======== GIVEN ENTRIES ========
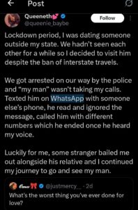 The lady, identified as @queen_babie on X (formerly Twitter), revealed that the incident happened in 2020 when interstate travel was strictly banned.
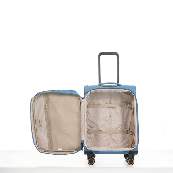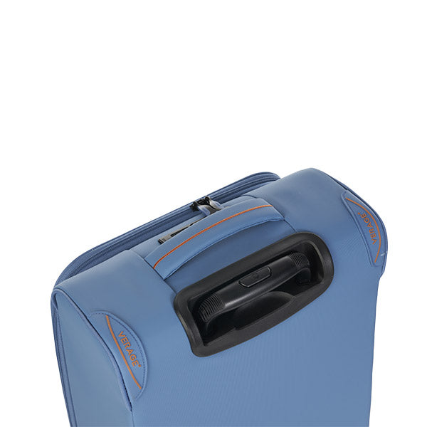 Maleta suave Verage 18" color celeste, liviana y resistente. Perfecta para viajes cortos, con compartimentos prácticos que facilitan la organización. Diseño moderno y cómodo para transportar con facilidad.
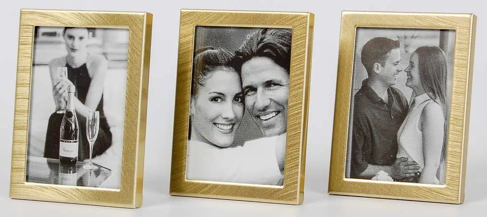 3 kovové fotorámečky, foto 4 x 6 cm, rozměr rámečku 4,8 x 6,5 cm, k postavení, šířka lišty 0,5 cm, fotografie je kryta sklem
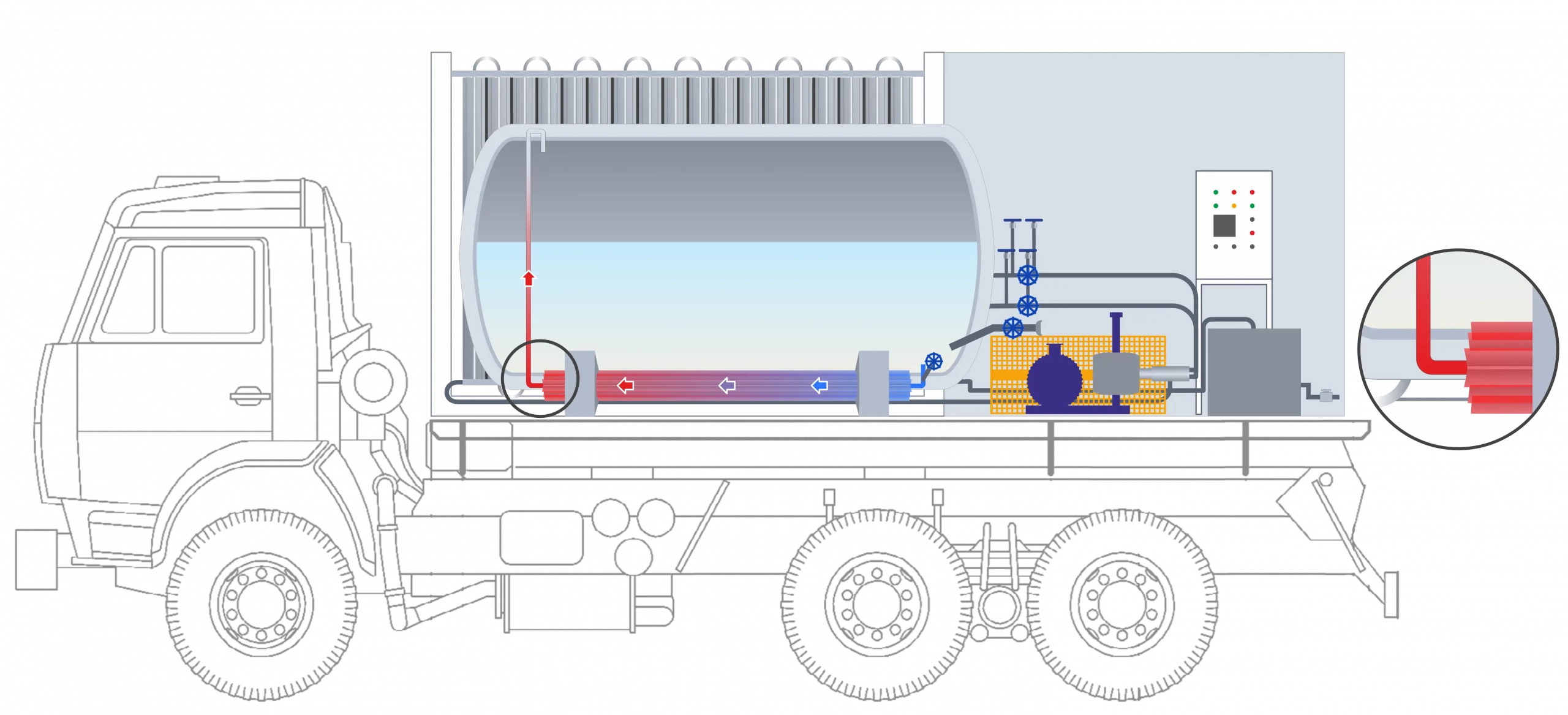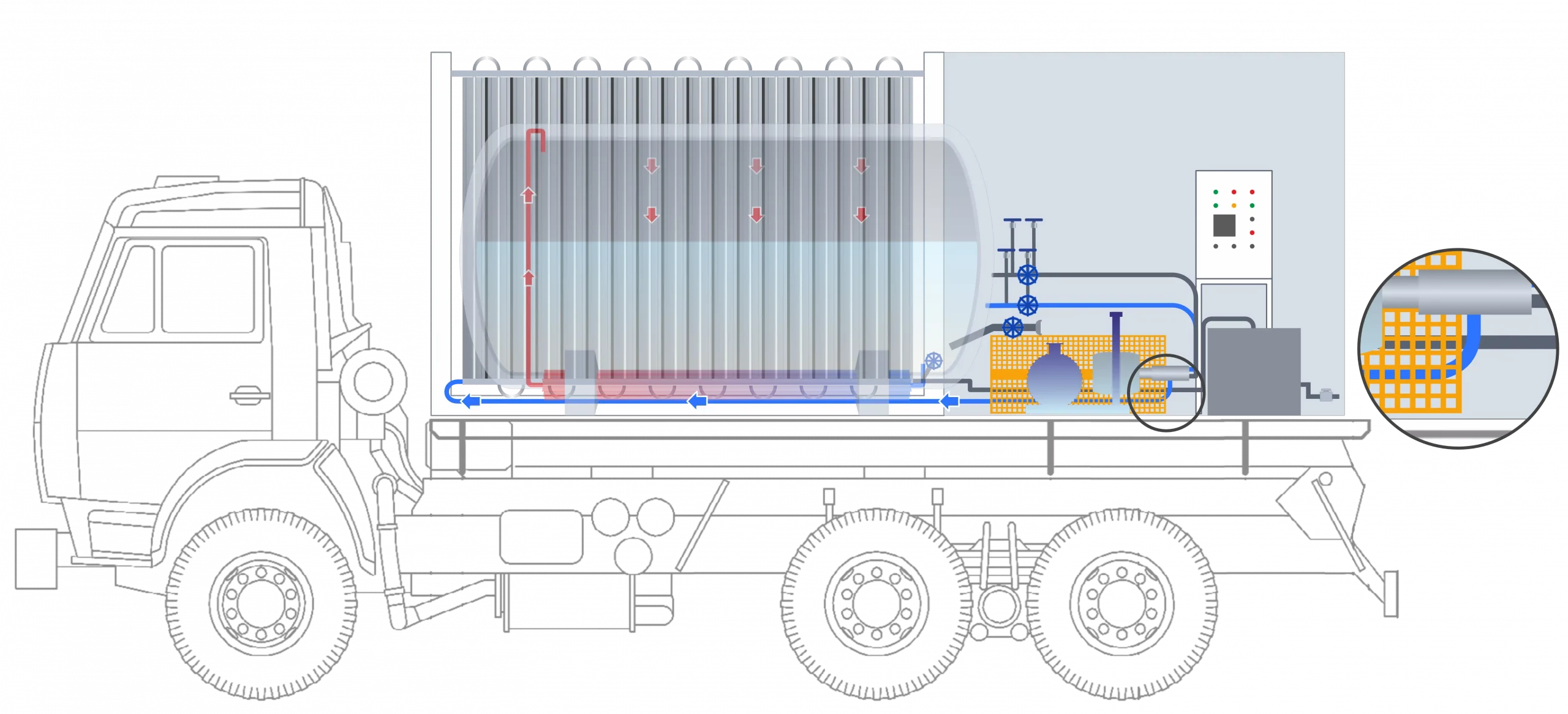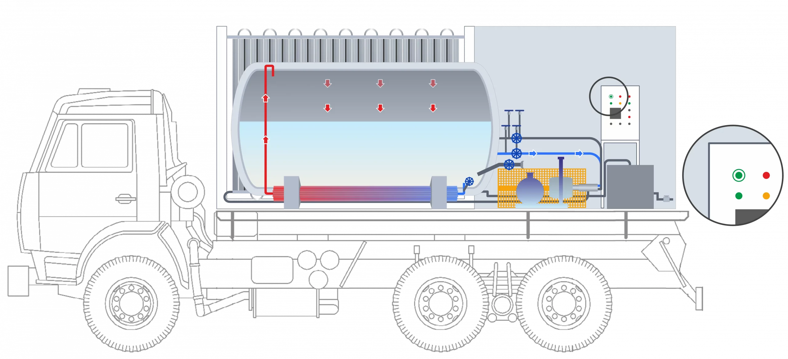 После прохождения атмосферного испарителя продукт по трубопроводу идет к жидкостному догревателю. Автоматика считывает температуру на входе и регулирует нагрев ТЭНов так, чтобы на выходе потребитель получил газообразный продукт заданной оператором температуры.
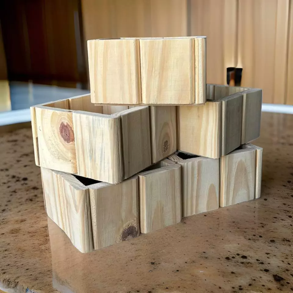 Kit de 5 Cachepots Estilo Caixote - Madeira Pinus
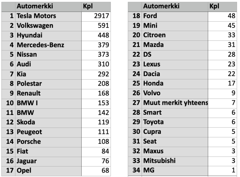Yleisin sähköautomerkki Suomessa on Tesla 10 114 autollaan. Volkswagen Groupin merkit yhteenlaskien, niitä on hieman enemmän, kuin Tesloja. Muut merkit ja konsernit jäävät selkeästi kauemmaksi näistä.
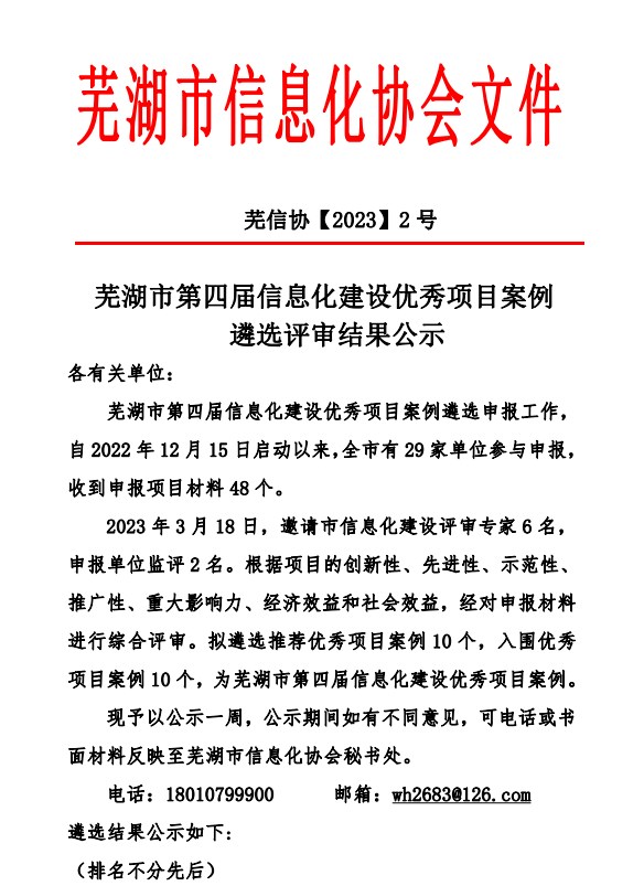 2023年4月10日,芜湖市信息化协会发布芜湖市第四届信息化建设优秀项目案例遴选评审结果,经过一周的公示期,安徽金年会凭借《皖南医学院数据治理及学生精准画像项目》成功入选“芜湖市第四届信息化建设优秀项目案例”。欢迎有需求的企事业单位或同行业人士前来交流指导!
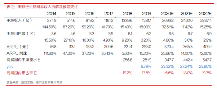 3)21、22年国内手游市场收入由于大产品驱动预期仍稳定增长,增速有望超17%/15%,网易管线丰满国内市占率有望提升。网易19年国内手游市场市占率约为17.8%,20~22年市占率预测为16.6%/18.0%/19.3%。
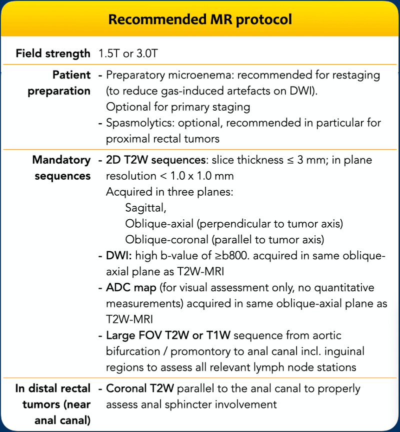 - Purpose: Accurate assessment of tumor extension beyond the rectal wall and distance to the MRF
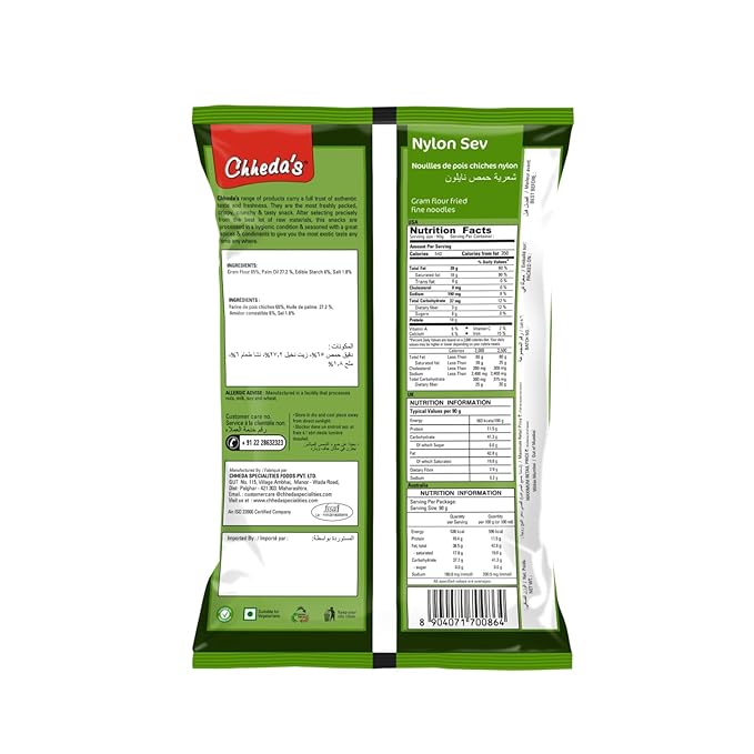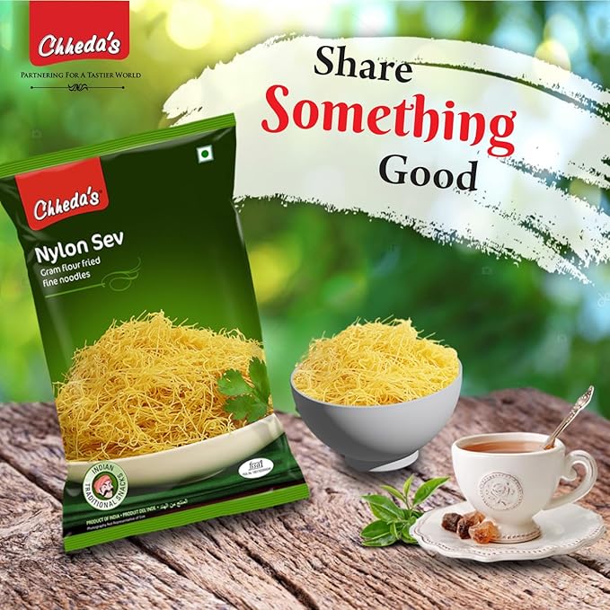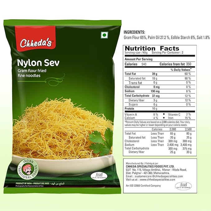 Chheda's Nylon Sev is a delicious, vegetarian snack made from gram flour, palm oil, and salt. This low-fat treat is rich in fiber and contains no cholesterol or trans fat, making it a healthier choice for your snacking needs. Perfect for enhancing sev puri, bhel puri, or enjoyed on its own, it comes conveniently packed in a 300-gram pouch with a shelf life of six months. Add a crispy, flavorful crunch to your snacks with Chheda's Nylon Sev today.
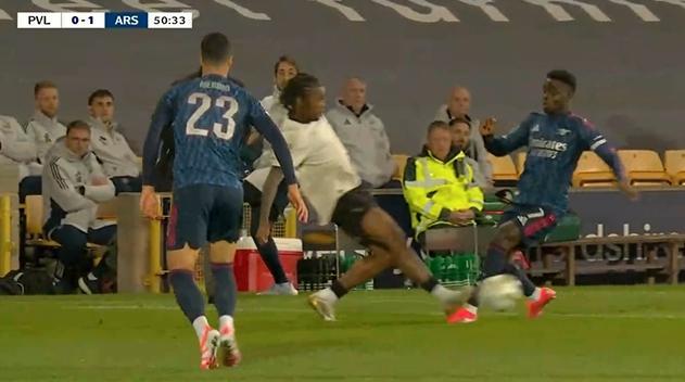 直播吧09月25日宣 联赛杯第3轮,阿森纳客战英甲球队维尔港。50分钟,萨卡被对方球员蹬踏,痛苦倒地。缓了一会儿,萨卡继续比赛。独家看英超就在咪咕
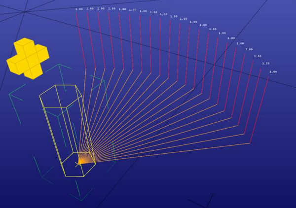 이제 경로 따르기 방향 주위로 N 회피 속도의 샘플을 생성합니다. 다음 그림은 생성된 속도 샘플을 보여주며 기본 점수는 모두 1.0입니다.
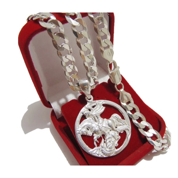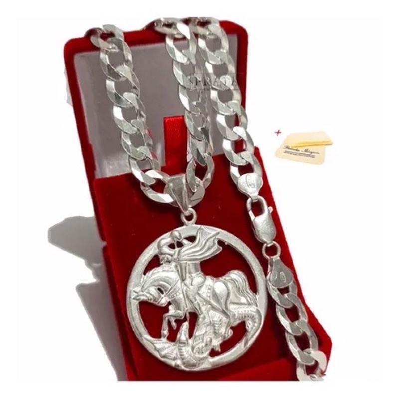 cordao prata 925 grumet escama grossa com pingente São Jorge garantia corrente de prata original maciça
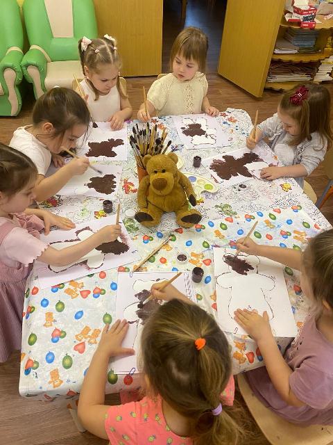 Воспитатели провели беседы: «Мой плюшевый друг», «Где живёт медведь?». Ребята нарисовали мишек, поиграли в подвижные игры: «У медведя во бору», «Как ходит медведь», «Медведь в берлоге».
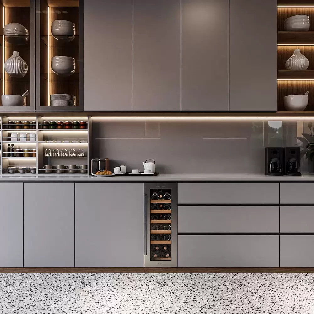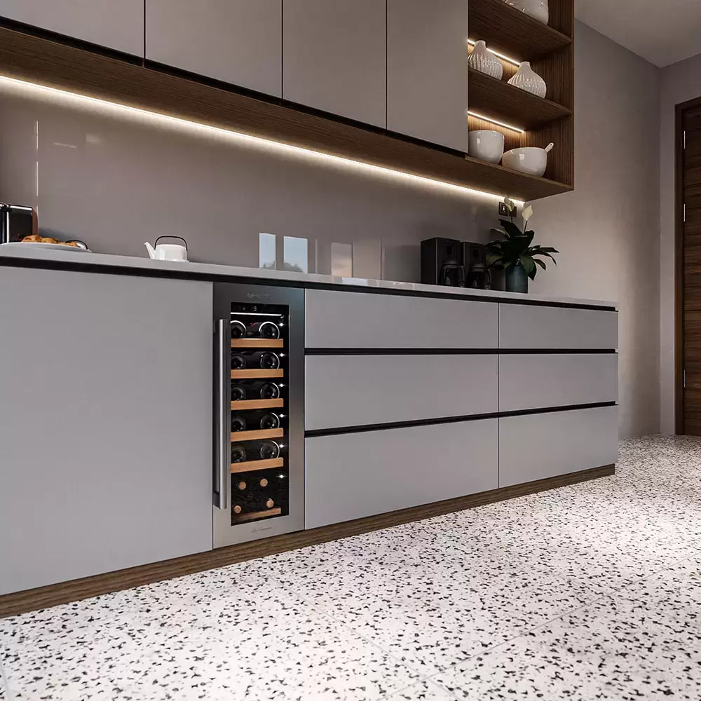 Частичное встраивание отдельно стоящих винных шкафов в нишу — полезная опция, позволяющая сэкономить место в помещении и выбрать лучшее расположение прибора. Устанавливать в нишу или под столешницу рекомендуется только компрессорные модели — другие, например, термоэлектрические, не смогут достаточно вентилироваться при таком расположении. Если винный холодильник оснащен воздухозаборными решетками и радиатором охлаждения в нижней части, он может быть встроен без зазоров. Для удаления нагретого воздуха требуется свободный проход по всей длине холодильника от цоколя до верхней части.
========
#### WHAT IS BEING ASKED:
Copy out exactly the lines that begin at the line with "нарисовали мишек, поиграли" and end at the final line of the entries above. Leave out the pictures.

#### THE ANSWER:
 Воспитатели провели беседы: «Мой плюшевый друг», «Где живёт медведь?». Ребята нарисовали мишек, поиграли в подвижные игры: «У медведя во бору», «Как ходит медведь», «Медведь в берлоге».
 Частичное встраивание отдельно стоящих винных шкафов в нишу — полезная опция, позволяющая сэкономить место в помещении и выбрать лучшее расположение прибора. Устанавливать в нишу или под столешницу рекомендуется только компрессорные модели — другие, например, термоэлектрические, не смогут достаточно вентилироваться при таком расположении. Если винный холодильник оснащен воздухозаборными решетками и радиатором охлаждения в нижней части, он может быть встроен без зазоров. Для удаления нагретого воздуха требуется свободный проход по всей длине холодильника от цоколя до верхней части.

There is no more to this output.